Deploying Database Availability Groups in Exchange Server 2010

Microsoft adds new features to every Exchange Server release. Some of these features are destined to be quietly ignored and eventually retired—remember the Exchange Network News Transfer Protocol (NNTP) server? Others go out in a quick blaze of glory, such as active/active clustering. Still others introduce fundamental changes in the way we design and deploy Exchange. Exchange 2010’s new database availability group (DAG) feature falls into that last category.
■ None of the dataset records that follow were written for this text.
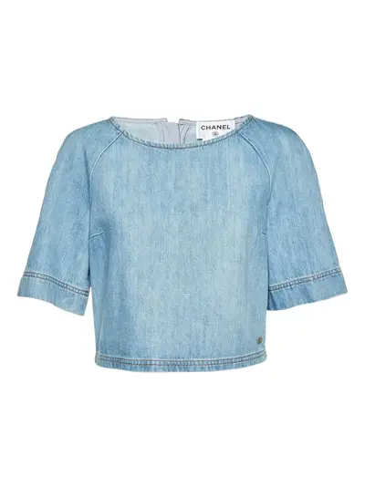 circa 2024 light blue denim raglan sleeves back zipper closure topstitching detail hemline detail Condition: GOOD. This previously owned and used item is in good condition with minimal signs of use. This may include fading of material or plating and scratches.
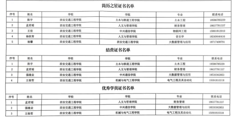 在ky开元集团官网指导教师的悉心心指导下,学生在多项竞赛中取得优异成绩。经个人答题、团队拓展活动以及无领导小组讨论的三轮严格评审,最终,陈宇、孟君瑶、王佳、杨钦青、杨馨、强继业、王俊哲七名学生凭借其卓越表现,荣获“简历之星证书”、“优秀学员证书”以及“结营证书”,为ky开元集团官网赢得荣誉。
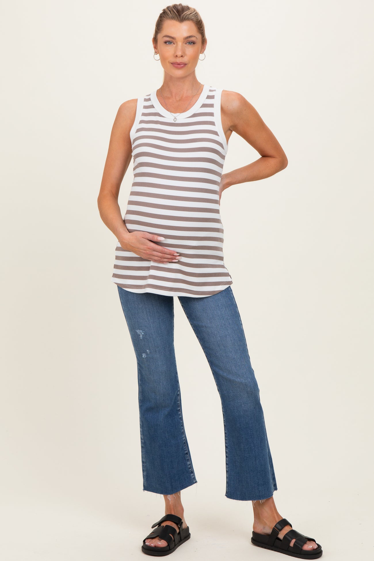 Mocha Striped Ribbed Maternity Tank Top
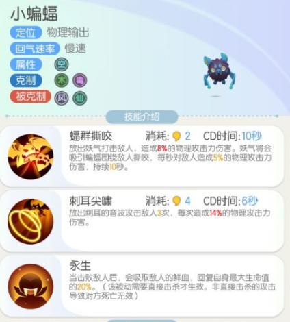 一起来捉妖小蝙蝠怎么样_一起来捉妖小蝙蝠属性技能详细分析介绍「超实用」一起来捉妖小蝙蝠怎么样 想必很多一起来捉妖的玩家都很想知道 今天就跟着小编来看看怎么解决这个问题吧 一起来捉妖小蝙蝠属性技能详细分析介绍 编号 251 属性 空 克...
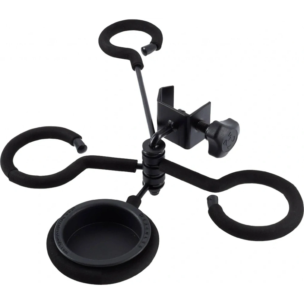 Držák na dusítko HERCULES HA100 je stojan na dusítka žesťových nástrojů (kornetu, trubky, trombonu, lesního rohu). Stojan lze přichytit k většině notových a mikrofonních stojanů (průměr 8 až 30 mm). Prstencové úchyty jsou pro komfort dusítek pokryté speciální pogumovanou hmotou.
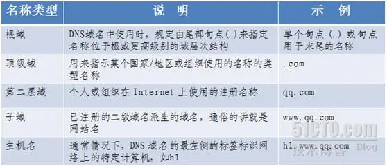 我们在前面有说到根DNS服务器,域DNS服务器,这些都是DNS域名称空间的组织方式。按其功能命名空间中用来描述 DNS 域名称的五个类别的介绍详见下表中,以及与每个名称类型的示例
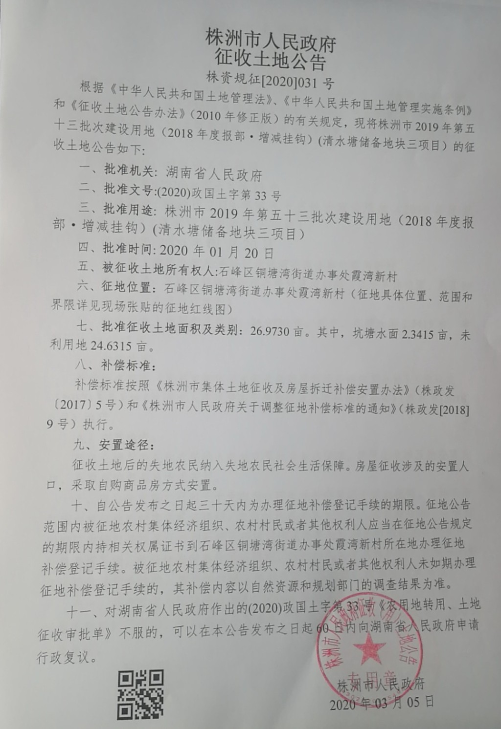 征收土地公告--清水塘储备地块三项目
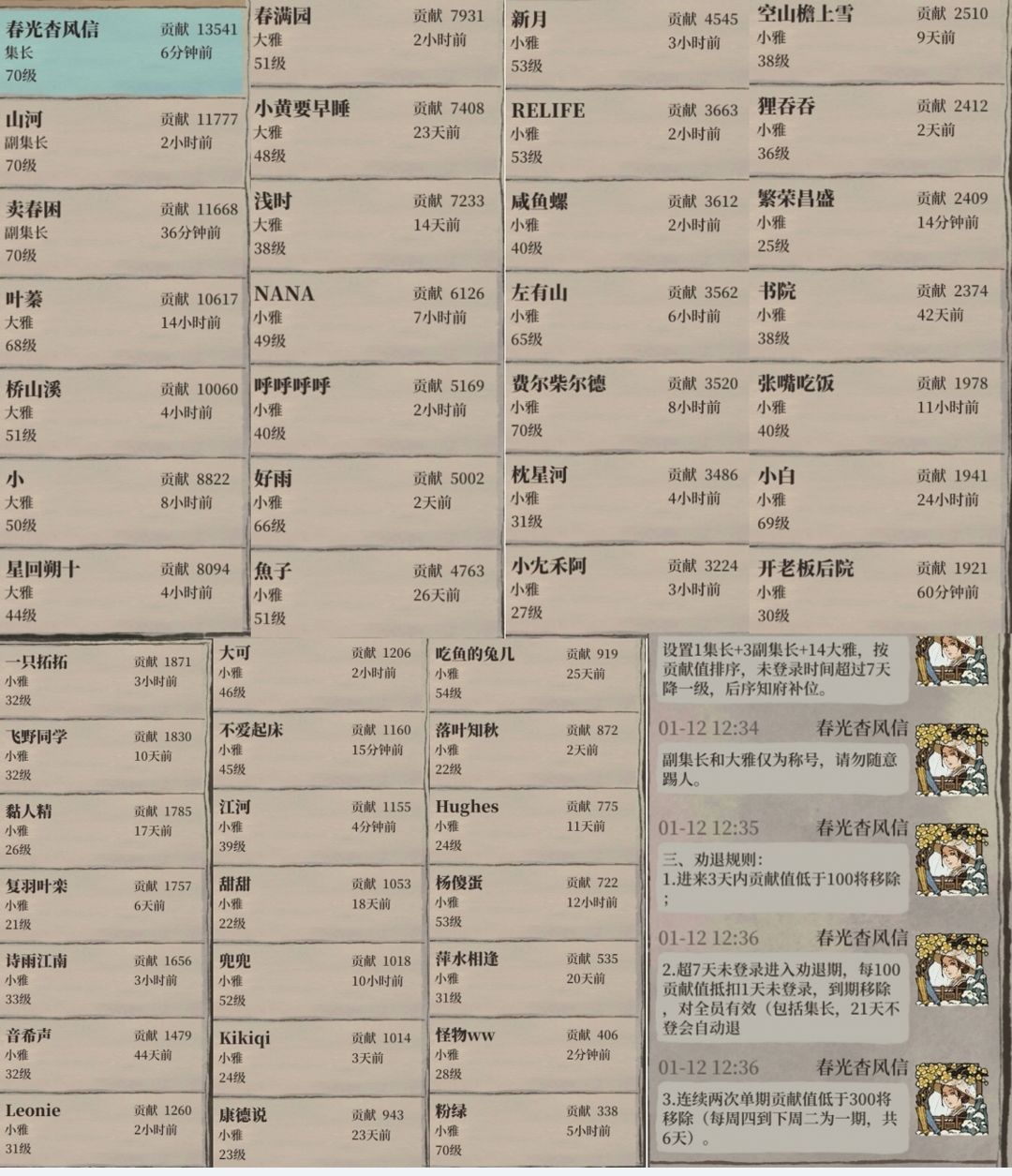 鱼子,贡献值4763,抵扣未登录时长47天,已有26天未登录,2023.2.8前未登录将请离。
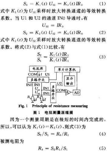 由式(4)、(5)可見,由于采用了與標準信號采樣值比較的方法,且數據采集周期極短,使得被測電阻只與標準電阻R、標準校準信號的采樣值S、被測信號的采樣值S;有關,與電流源無關,大大減小了放大采樣通道的放大倍數、零點漂移和非線性的影響,因此,提高了測量精度,實現了電阻值測量,測量精度主要取決于AD轉換器的分辨率。
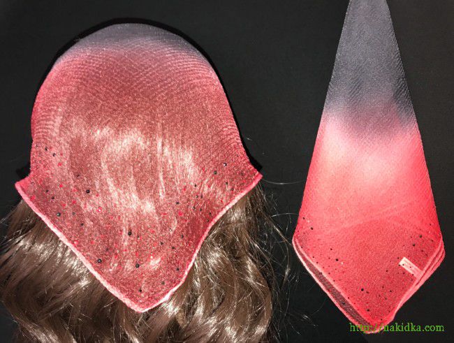 | Черная с красным с нейлоновая косынка с наклеенными красными и черная камушками |
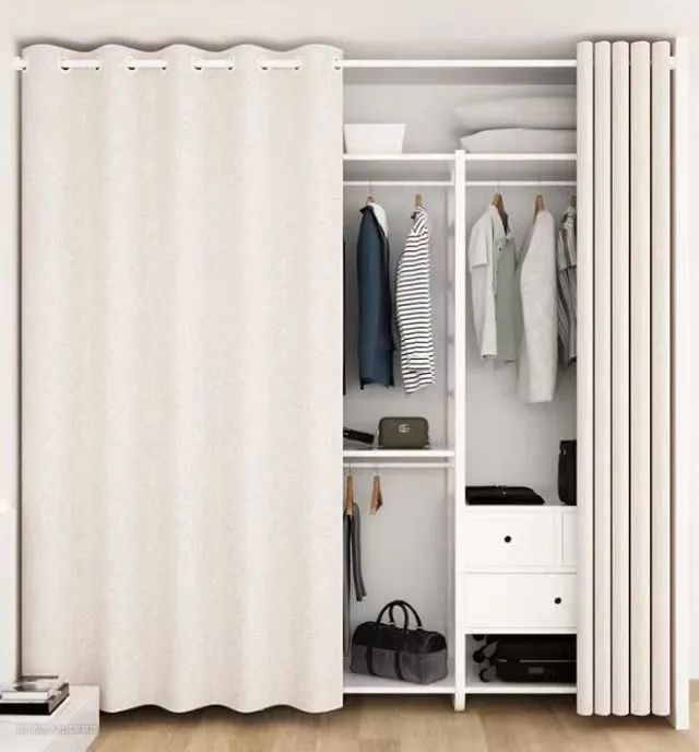如果你想在省钱的同时又能满足基本的收纳需求,简便式衣柜是个不错的选择。只需定好外框位置并装上帘布,就可以随意摆放衣物。想要拿取衣物时,只需轻轻一拉帘布。
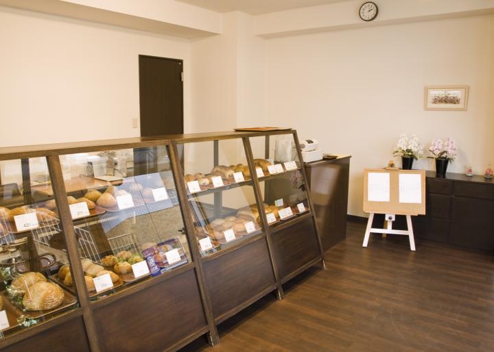 駅から徒歩約5分。お店の扉を開けると、芳ばしい香りとともにガラスのショーケースが目に飛び込んできます。白い壁と木の床のすっきりとした空間で、シンプルな店内です。 こちらの販売方法は対面式。ショーケースにあるパンから欲しい物を一つひとつ注文してお店の方に取ってもらうため、セルフ式のパン店とは違った雰囲気で、ちょっと特別な気分になります。
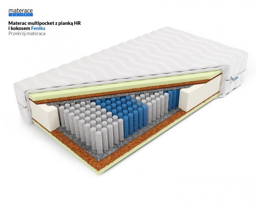 Materac Feniks jest to model zbudowany z Formatki kieszeniowej MultiPocket 7 stref w ilość 508 szt. sprężyn na m2 oraz obustronnej wysokiej jakości pianki HR FreshElastic o grubości 4cm. Dodatkowo po obu stronach materaca, pod pianką HR FreshElastic zostało zastosowane 1cm kokosu lateksowanego, który utwardza powierzchnię spania. Sprężyny o różnym stopniu twardości zostały rozmieszczone w 7 strefach, tak aby zapewnić odpowiednie podparcie poszczególnym częściom ciała. Każda sprężyna została zapakowana w oddzielną kieszeń, dzięki czemu materac ugina się tylko w punktach nacisku. Grubość wkładu materaca wynosi 22 cm. Łączna wysokość materaca zależeć będzie od wybranego pokrowca. Produkcja materaca następuje w ciągu 24 godzin roboczych od zaksięgowania wpłaty za zamówienie. Produkt objęty jest 5-letnią gwarancją na wkład sprężynowy.
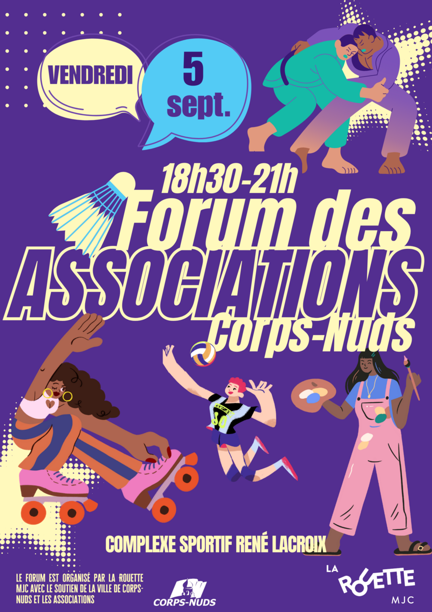 comme chaque année la Rouette MJC se charge de l'organisation du forum des associations qui aura lieu VENDREDI 5 SEPTEMBRE 2025 de 18h30 à 21h à LA SALLE DES SPORTS de Corps Nuds.
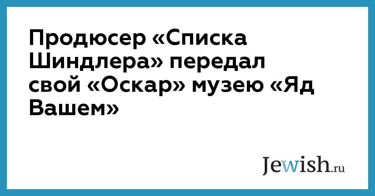 Продюсер «Списка Шиндлера» передал свой «Оскар» музею «Яд Вашем»
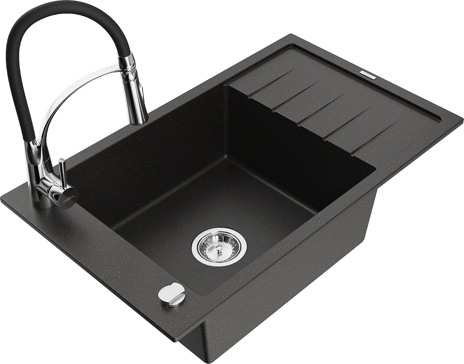 Mexen Elias granitinis 1 dubens plautuvė su nusausintuvu ir virtuviniu maišytuvu Aster, juodas/auksinis metalikas - 6511-75-734?
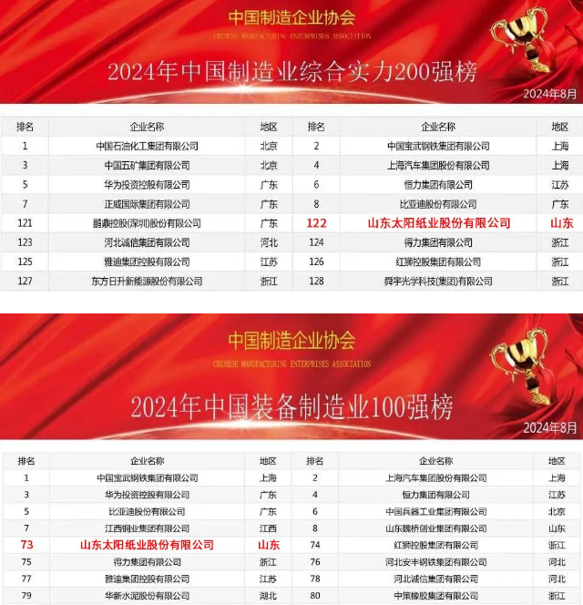 近日,中國制造企業協會對外發布《2024中國制造業綜合實力200強暨中國裝備制造業百強》榜單。其中,太陽紙業憑借出眾的創新能力和出色的業績表現,再次入圍2024中國制造業綜合實力200強榜單,位列第122位,較去年上升12個位次;并同時入圍2024中國裝備制造業百強榜單,位列第73位。
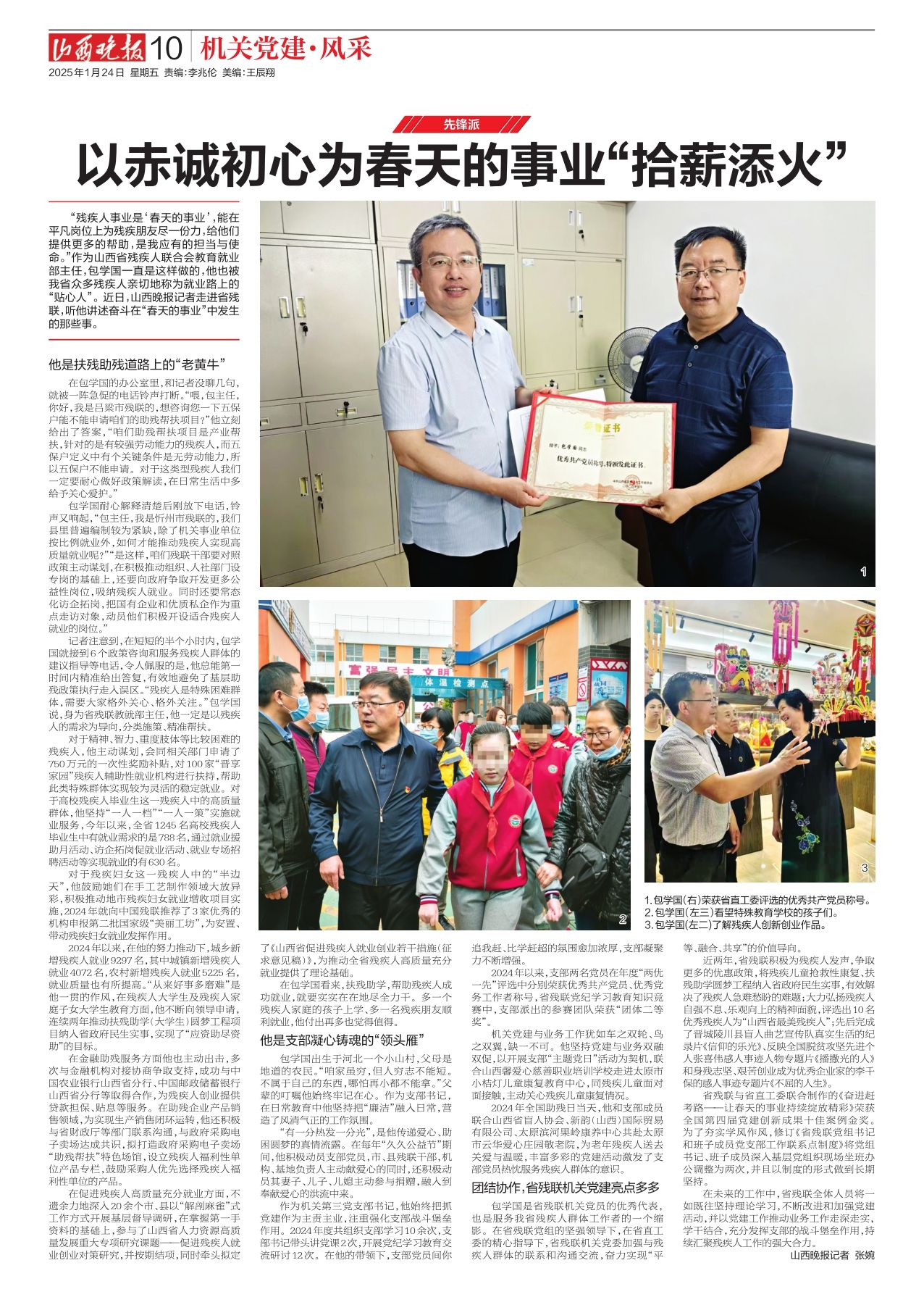 2024年全国助残日当天,他和支部成员联合山西省盲人协会、新韵(山西)国际贸易有限公司、太原滨河果岭康养中心共赴太原市云华爱心庄园敬老院,为老年残疾人送去关爱与温暖,丰富多彩的党建活动激发了支部党员热忱服务残疾人群体的意识。
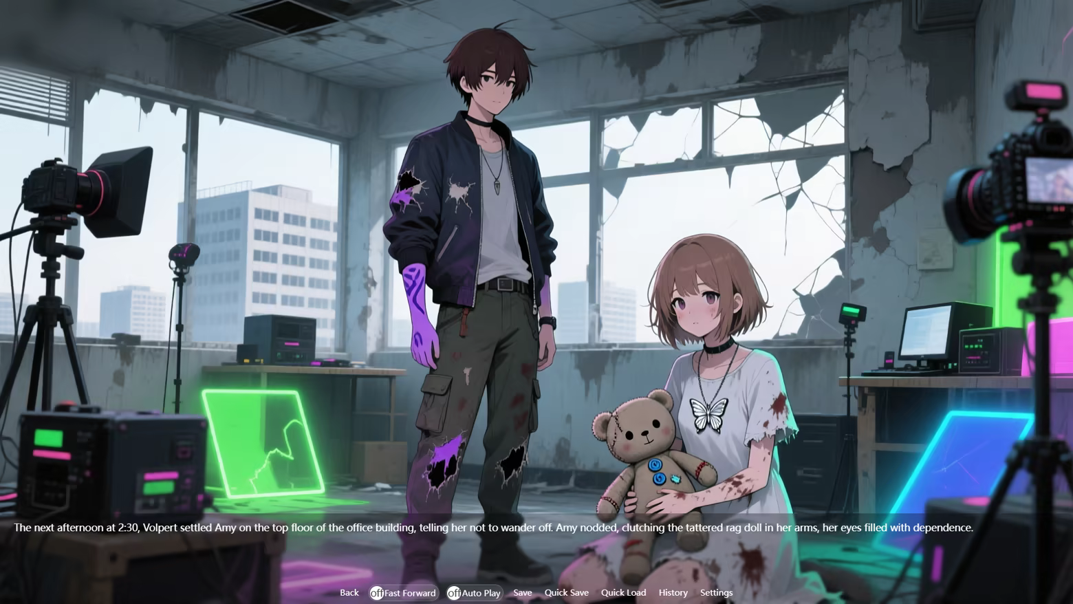 • In 2027, a gray-black dust shrouds the ruined city, and the plague of oblivion has raged for eighteen months. Survivors must rely on livestreaming to garner attention and slow their memory loss. You are Volpert, a second-tier livestreamer, your popularity dwindling, your memory index reduced to only 37%, and you could become a walking corpse at any moment. During an adventure, you encounter a severely infected, amnesiac girl. Her appearance causes a surge in viewership for your livestream, but it also draws you into a battle for viewership among top livestreamers, a dark conspiracy within the military, and the apocalyptic judgment of the infected leader. Lies and truth intertwine, survival and conscience clash. Will you succumb to the allure of false popularity and survive, or will you tear down the mask of revelry and seek redemption?
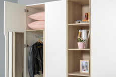 Наполнение шкафа может собрано на любую сторону, два выдвижных ящика скрыты за распашными фасадами, на обратной стороне которых размещается зеркало.
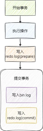 所以MySQL设计者提出了二阶段提交的概念,整体步骤为: 在事务开始时,先写redo-log(prepare)。事务提交时,再写bin log。事务提交成功,再写redo-log(commit)。
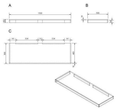 Plaque sous le lavabo. Le trou pour le vidage du lavabo doit être réalisé en fonction de la cuvette achetée. Les supports pour accrocher la planche au mur ne sont pas inclus dans la livraison
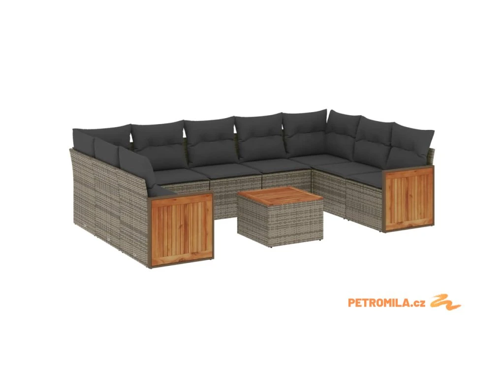 10dílná zahradní sedací souprava s poduškami šedá polyratan

The idea of providing mailbox resiliency by distributing multiple copies of mailbox databases throughout the Exchange organization is solid, and its implementation in Exchange 2010 marks a major change for high-availability designs.

Tony Redmond’s “Exchange 2010: High Availability with DAGs” describes the technical fundamentals behind DAGs. If you’re not familiar with the basic underlying concepts, it’s worth a read before tackling this article, in which I’ll focus on how to deploy simple DAGs. But first, let's talk about prerequisites and other considerations.

DAG Prerequisites

The first, and biggest, prerequisite for DAG deployment is simple: You must be using Windows Server 2008 or 2008 R2 Enterprise Edition. If you have Standard Edition deployed, you won’t be able to place DAGs on that server unless you reinstall Windows. There’s no in-place upgrade from Standard to Enterprise. Unfortunately, that means that if you have a Standard Edition server that’s already running Exchange, that server can't be a DAG member server until you upgrade it. This predicament has affected many sites that have experimented with early deployments of Exchange 2010 on Server 2008 Standard, intending to upgrade their mailbox servers to DAG membership later.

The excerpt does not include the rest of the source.